L’économique, la morale et le droit auraient chacun leur mot à dire dans la solution pratique des questions concernant les biens ; l’art serait de les concilier. À cet effet, il faudrait classer leurs titres, établir leur hiérarchie, et tout d’abord distinguer nettement l’objet de chacune d’elles, tandis qu’on aurait grand’peine à les harmoniser si l’on commençait par les confondre. Nous avons déjà reproché son indifférence pour la distinction et la définition des branches de l’éthique à l’un des maîtres les plus en vue du nouvel enseignement ; il serait inutile d’insister sur une indifférence plus apparente que réelle ; mais nous dirons ici quelques mots de l’ouvrage qui nous a suggéré les réflexions précédentes.

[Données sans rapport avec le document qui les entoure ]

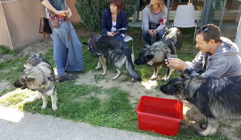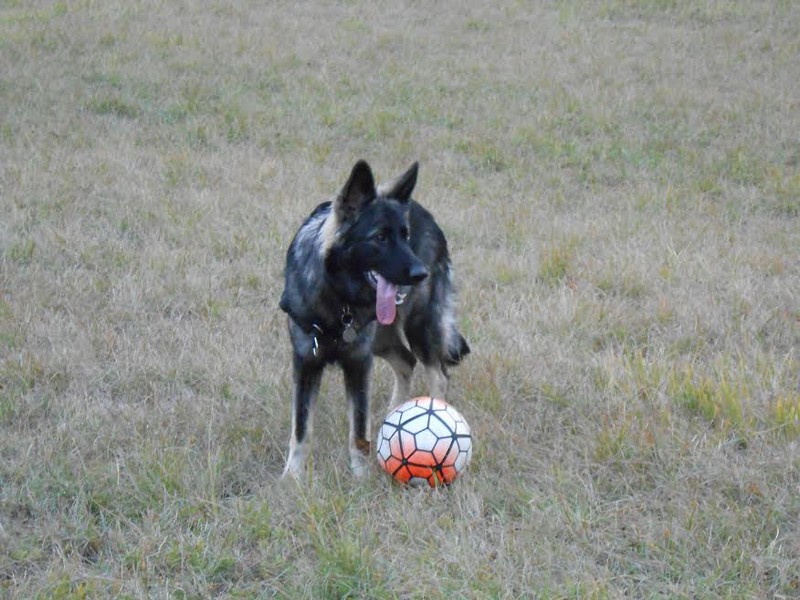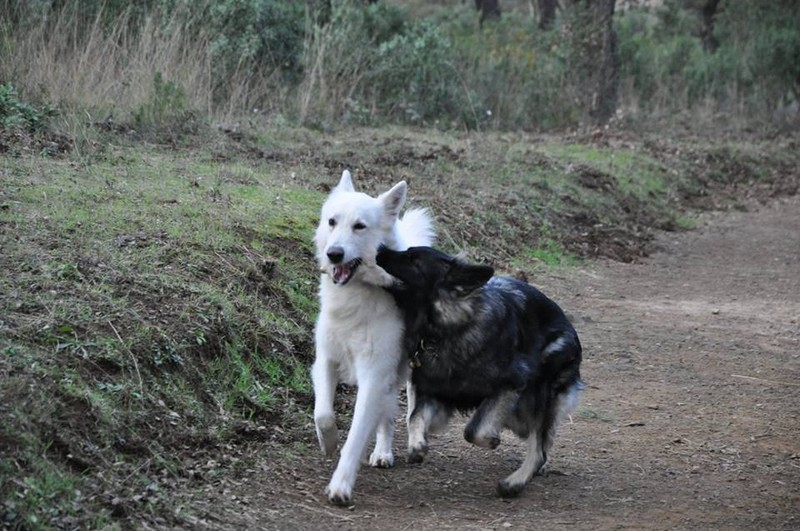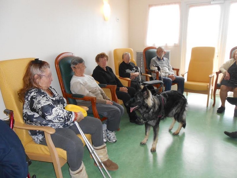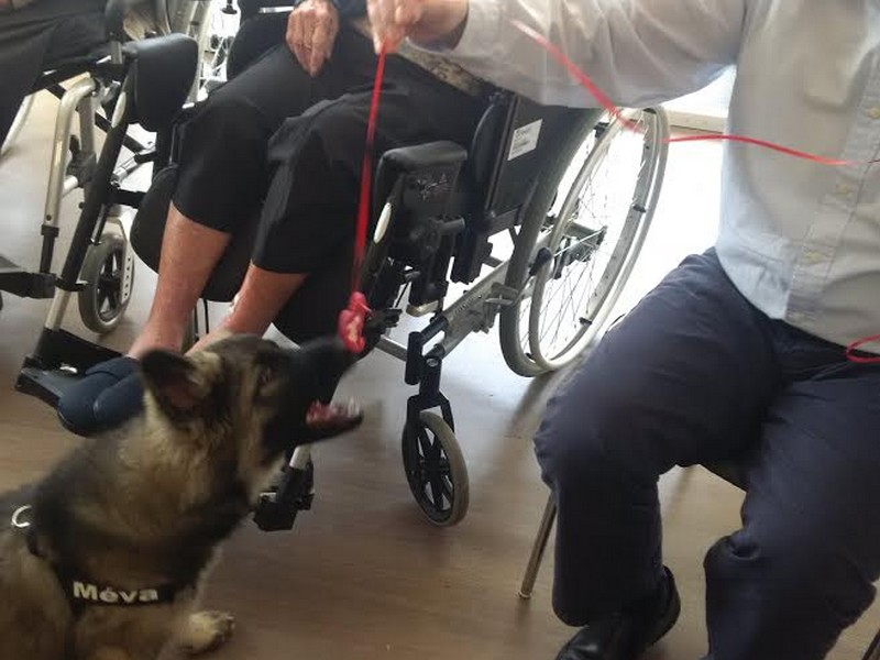 Collier orange: Méva, signifie Belle en malgache, et ça lui va très bien, elle est aussi belle à l’extérieur qu’à l’intérieur. C’est une chienne très gentille, et câline, toujours à l’écoute. Méva sait être calme quand il le faut et pleine d’énergie quand il s’agit d’embêter ses 2 frères poilus pour jouer. Elle aime tout le monde même si elle n’est pas toujours très délicate pour dire bonjour à ses congénères. En balade, elle ne s’éloigne jamais bien loin et revient au premier rappel, souvent avec un bâton dans la gueule. Depuis petite, elle a la manie de transporter tous les objets qui lui plaisent dans toute la maison. Nous avons renforcé cette habitude pour son travail mais à la maison, il a fallu lui faire comprendre qu’il n’y avait que les jouets pour chien qui étaient déplaçables. Au travail, car oui Méva a aussi une activité professionnelle, c’est un chien médiateur et d’assistance auprès de personnes âgées, handicapées, d’enfants autistes… lors de mes séances d’Activités Physiques Adaptées. Elle observe tout et comprend très vite tout ce qu’on lui demande. Elle a une très grande capacité d’adaptation, joueuse avec certains, calme avec d’autres. C’est un véritable plaisir de travailler avec elle, les résidents disent souvent que « la gym sans Méva ça ne serait vraiment pas pareil.. ». Elle apporte vraiment beaucoup à ces personnes, que se soit lorsqu’elle ramasse une canne tombée au sol ou lorsqu’elle dépose gentiment sa balle sur les genoux et fait une léchouille d’encouragement. De plus, elle n’a peur de rien, merci Corinne et Jean Pierre pour ce travail de sociabilisation!! Pour se défouler de sa semaine, Méva fait également ses débuts en agility et frisbee en club canin et participe à des cours d’éducation positive au clicker training. Nous sommes vraiment très heureux d’avoir accueillis Méva dans notre famille.

Quoiqu’ils se recommandent fort bien eux-mêmes, les Principes d’économie politique ne perdent rien à être signés par l’éloquent apôtre et le vaillant ministre de la coopération, directeur de la Revue d’économie politique, autour de laquelle il a su grouper les professeurs des Facultés de droit et nombre d’économistes étrangers. Cet l’ouvrage forme un volume très compact de 640 pages, où naturellement les principes ne vont pas sans leurs applications ; c’est un véritable traité d’économique, sinon complet, du moins très suffisant pour les profanes, qui le liront avec grand plaisir. Si nous ne craignions pas de lui nuire par l’austérité qui court en ajoutant qu’il est bien écrit, nous dirions qu’il est fort bien écrit, d’une encre limpide, et sans trace d’amplification. Après avoir critiqué les divisions consacrées et suggéré des plans nouveaux, l’auteur se range au plan traditionnel, en l’élargissant toutefois par l’adjonction d’un premier livre sur la valeur. Inutile de discuter des projets d’innovations sur lesquelles l’auteur n’insiste pas.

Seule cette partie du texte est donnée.